By now Wheeldon knows the dancers well. The choreography for the four couples reflected the familiarity. Speed and trust were at the heart of Maria Kotchekova and Gennadi Nedvigin's intricate entanglements. Ruben Martin Cintas -- with a rare smile on his face -- sailed Yuan Yuan Tan across the stage, her limbs unfolding like sails. Molat and Frances Chung nuzzled each other before engaging in a friendly tug of war, and Lorena Feijoo and Vitor Luiz' engagement felt like a trio -- with the bassoon becoming the additional partner.
Sometimes program notes confuse more than they elucidate. Choreographer Zanella has said that in his "Underskin" the forest -- a series of huge, sometimes swaying poles -- of Schoenberg's Verklaerte Nacht stood for the soul. It's probably as good a metaphor as any. Why however, his searcher in the figure of the redoubtable Sofiane Sylve wears a lizard-like unitard, with a long braid taking the place of a tail might also have warranted an explanation.
"Underskin" boasts a splendid set and costumes from Anne Mari Legenstein. Lit by the master designer David Fin it suggests a deep space which sends forth and swallows rather small looking humans. These passages for the small corps, which includes a strongly danced octet for the men, are among the work's more intriguing passages. In avoiding the trap of responding to the music too literally -- the lush romanticism of Schoenberg's evocative score -- Zanella's response suggests an edgy, fractured eroticism. However, it is neither strong nor individual enough to stand as a convincing response to the music.
Sylve, magnificent in her statuesque extensions and stalking, appears to be some kind of priestess calling up three types of couples: Fejoo and Molat, torquing against each other with wing-like arms; the powerfully dancing Frances Chung and Nedvigin starting out lyrically but becoming more dramatic. Tan and Luiz' build toward an emotional trajectory with him shaping her body and sailing her across the stage. Tan is the one who emerges with having, perhaps, undergone some kind of transfiguration herself.
It's no secret that Stravinsky is "Petrouchka's" real "choreographer". Benois and Fokine helped. A lot. But "Petrouchka's" soul is in the music, particularly when it is as masterfully performed as the SFB orchestra did under guest conductor Emil deCou.
In this year's reprise, "Petrouchka" has jelled. The flow within the initial festivities was better shaped. Individual incidents -- flirtatious gypsies, Hopak-dancing grooms, an assertive merchant, drunken coachmen- -- are spotlighted and then smoothly melt into the crowd. Later on as the tensions rise, the emerging sense of anarchy even begins to affect the demure nursemaids.

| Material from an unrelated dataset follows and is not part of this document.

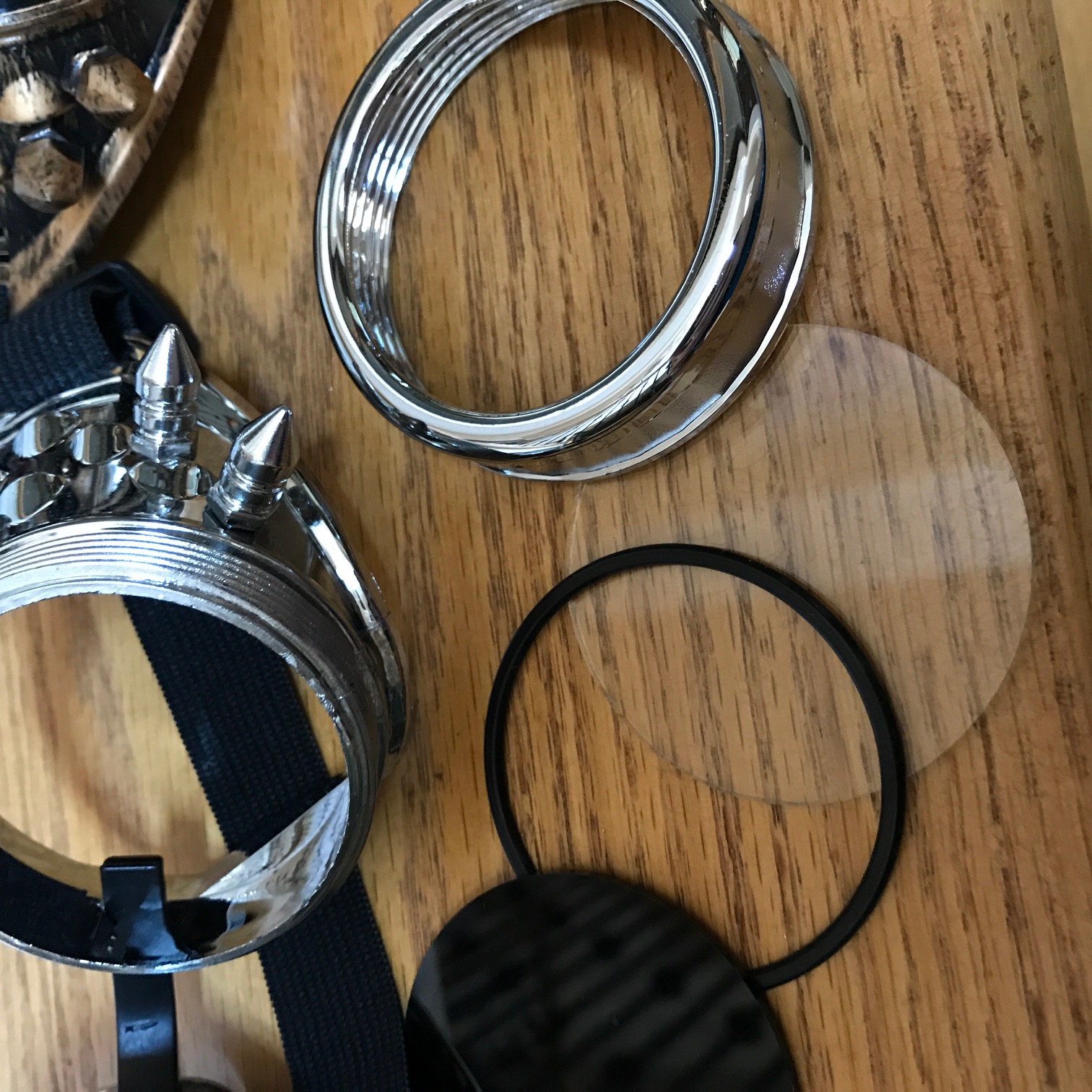 Our goggles also include two sets of lenses. If you simply unscrew the eyepiece, you can see the clear glass and the black welding glass, along with a small rubber ring for protection. You can leave both sets in, or take the dark lenses out to see through them!

So when these odd animal creatures, brought on by the boisterous, high-leaping devil (Diego Cruz) appear, doom -- fulfilled by Petrouchka's death -- becomes a possibility. "Petrouchka" demands a common purpose from the ensemble. As coached by Isabelle Fokine, the SFB dancers brought conviction to the ebb and flow of these Shrove Tuesday festivities.

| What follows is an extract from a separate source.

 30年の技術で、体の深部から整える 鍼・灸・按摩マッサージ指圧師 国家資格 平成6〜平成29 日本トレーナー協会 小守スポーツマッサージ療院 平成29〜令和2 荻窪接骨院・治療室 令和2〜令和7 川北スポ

At times Molat's finely detailed Petrouchka seemed to have his soul in his hands -- clumsy inarticulate paws which reach out and find nothing to hold. With his flopping, collapsing legs and a mask-like face, Molat's impeccable interpretation brought to life both a puppet and an eternal loser. You couldn't help but admire Clara Blanco's Ballerina. Every stiff little step was carefully measured by feet clad in red toe shoes that looked painted on. Daniel Deivison-Oliveira's voracious Moor affected the appropriate mix of dim-wittedness and brutality. Seeing him hug that coconut was thoroughly disgusting.